Enter discrete values and use the table to see which outcomes dominate, how quickly the totals accumulate, and whether the distribution is balanced or concentrated in just a few values.

When This Page Helps

Use this calculator when you need to turn counts into proportions, compare categories with different totals, or inspect whether one value dominates the dataset. The cumulative columns make it easy to read running totals, while entropy gives a compact measure of how even the distribution is.

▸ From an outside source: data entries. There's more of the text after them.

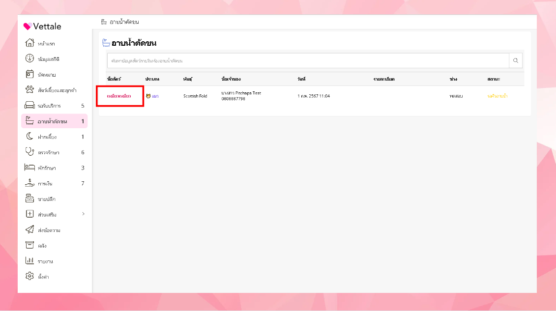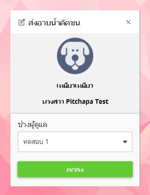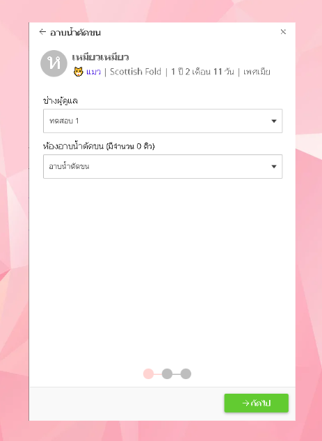 • ผู้ใช้งานเลือกสัตว์ที่ต้องการให้เข้าคิวรับอาบน้ำตัดขนได้ที่ชื่อสัตว์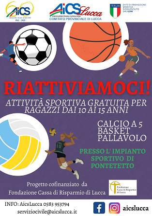 Per tutti questi motivi AICS Comitato Provinciale di Lucca APS propone il progetto Riattiviamoci !con lo scopo di sviluppare concretamente il principio del diritto allo sport per tutti, supportando gli/le adolescenti che, a seguito della crisi scatenata dal COVID 19, hanno abbandonato la pratica sportiva per motivi personali o economico-sociali. Il nostro obiettivo è quello di stimolare l’attività fisica e lo sport di squadra, focalizzandoci sui benefici ad esse correlati.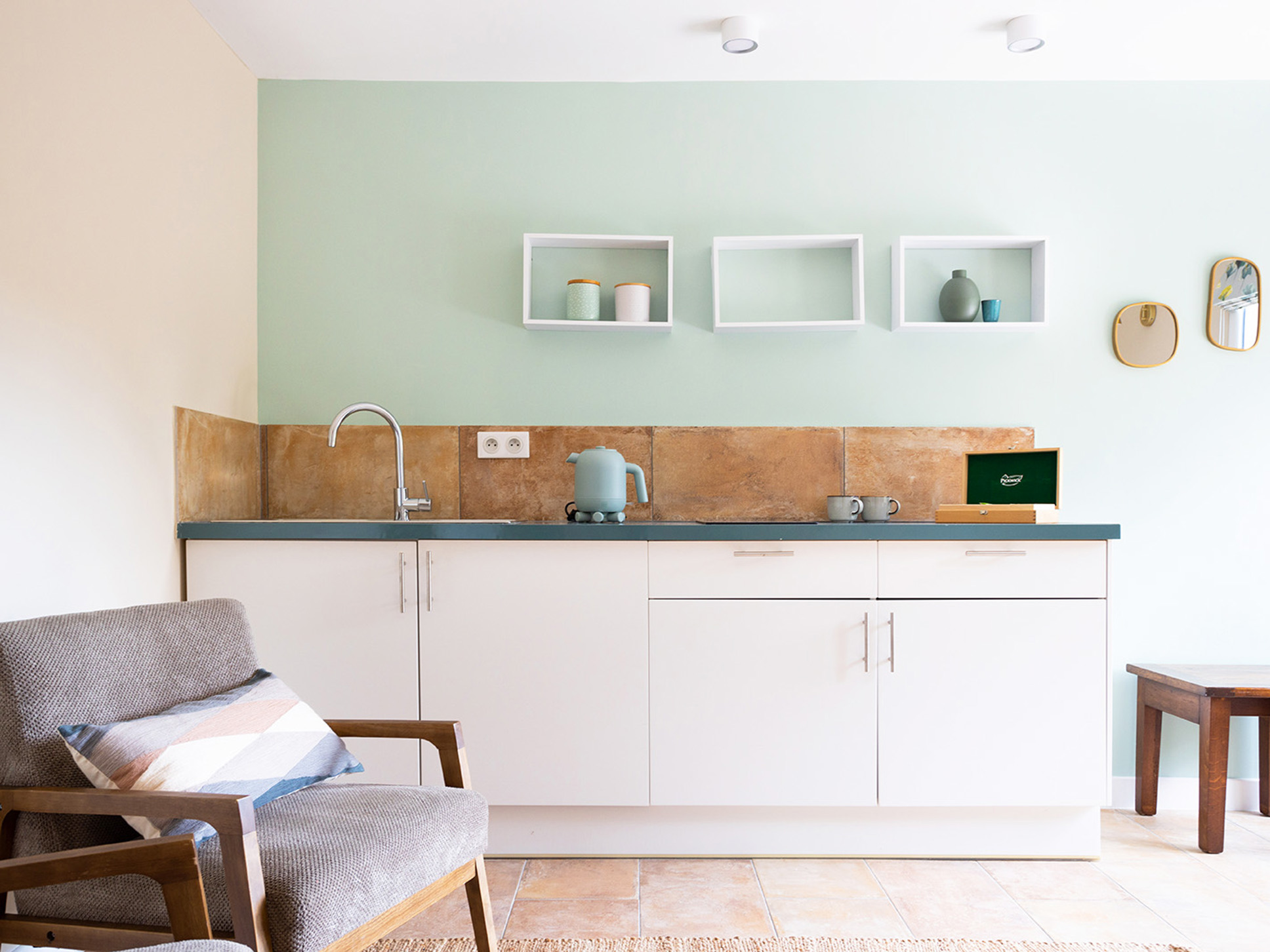 Slaapkamer 4 is een studio en is enkel buitenom te bereiken. Naast een tweepersoonsbed 160x200 biedt deze leuk ingerichte studio een badkamer (douche en WC) en een fraaie kitchenette inclusief Nespresso koffiezetapparaat en waterkoker.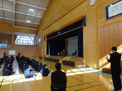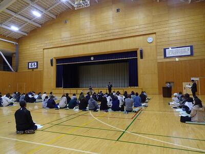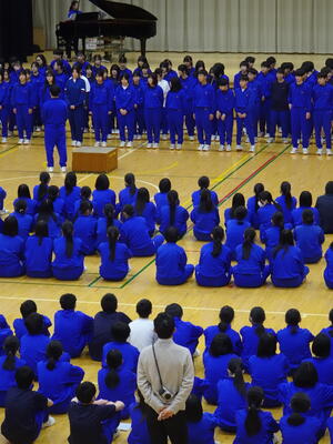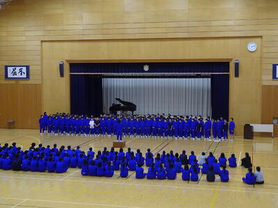 特に、3年生のS君が語った、「ふるさとを離れて寮生活をすることはさみしいが、自分の決めた道を信じて進みたい。そして、充実していた中学校3年間以上に、嫌になるぐらい忙しく充実した日々を過ごしたい。そして、常に手を抜いて生きていないか、自分に問い続けたい」とのことばには、校歌に歌われている「水豊かなる天竜」の「止まぬ姿」や「青空高き連峰」の「動がぬさま」そのものを感じました。

It is useful for survey answers, dice rolls, classroom data, quality checks, and any small discrete dataset where a table and chart are easier to read than a raw list.

How to Use the Inputs

  1. Enter discrete data values separated by commas or spaces.
  2. Select ascending or descending sort order for the table.
  3. Choose whether to display cumulative frequencies.
  4. Read relative frequencies as proportions (sum to 1.0) and percentages (sum to 100%).
  5. View the bar chart to compare category frequencies visually.
  6. Check the cumulative curve to see how observations accumulate.
  7. Review entropy to measure how evenly distributed the data is.
Formula used
Relative frequency = fᵢ / n where fᵢ is the frequency and n is the total. Cumulative frequency = sum of all frequencies up to and including current value. Shannon entropy H = −Σ pᵢ log₂(pᵢ). Normalized entropy = H / log₂(k) where k = number of unique values.

Example Calculation

Result: Mode = 3 (freq 5), Entropy = 2.15 bits

Value 1: 1/15 = 6.67%. Value 2: 2/15 = 13.33%. Value 3: 5/15 = 33.33% (mode). Value 4: 4/15 = 26.67%. Value 5: 3/15 = 20.00%. Shannon entropy = 2.15 bits out of max 2.32 bits, giving 92.6% normalized entropy — a fairly even distribution.

Tips & Best Practices

  • Relative frequencies sum to exactly 1.0 (100%). If they don't, there's a rounding error — check the raw fractions.
  • Cumulative relative frequency at the last value should always be 1.0 (100%).
  • The mode is the value with the highest relative frequency — it's highlighted in the bar chart.
  • Shannon entropy measures "surprise" or "information": high entropy means values are evenly distributed, low entropy means one value dominates.
  • For continuous data, you need to group values into classes first — use the frequency distribution calculator instead.
  • Relative frequency is the empirical ("observed") probability. As sample size increases, it converges to the true probability (law of large numbers).

Relative Frequency as a Data Summary

Relative frequency is the count for one value divided by the total number of observations. It is the simplest normalized description of a dataset, so the same table can be used even when sample sizes differ.

Reading the Cumulative Columns

Cumulative frequency tells you how many observations are at or below a value. Cumulative relative frequency shows the same idea as a fraction or percentage, which makes percentile-style interpretation straightforward.

Entropy and Spread

Shannon entropy is highest when the values are evenly distributed and lowest when one value dominates. For a discrete dataset, it gives a quick way to compare concentration without having to inspect every row of the table.

Sources & Methodology

Last updated:

Frequently Asked Questions

  • Relative frequency is the proportion of observations that have a specific value: frequency / total count. It ranges from 0 (value never appears) to 1 (all observations are this value). Multiplied by 100, it gives the percentage. Relative frequencies always sum to 1.0 (or 100%) across all values.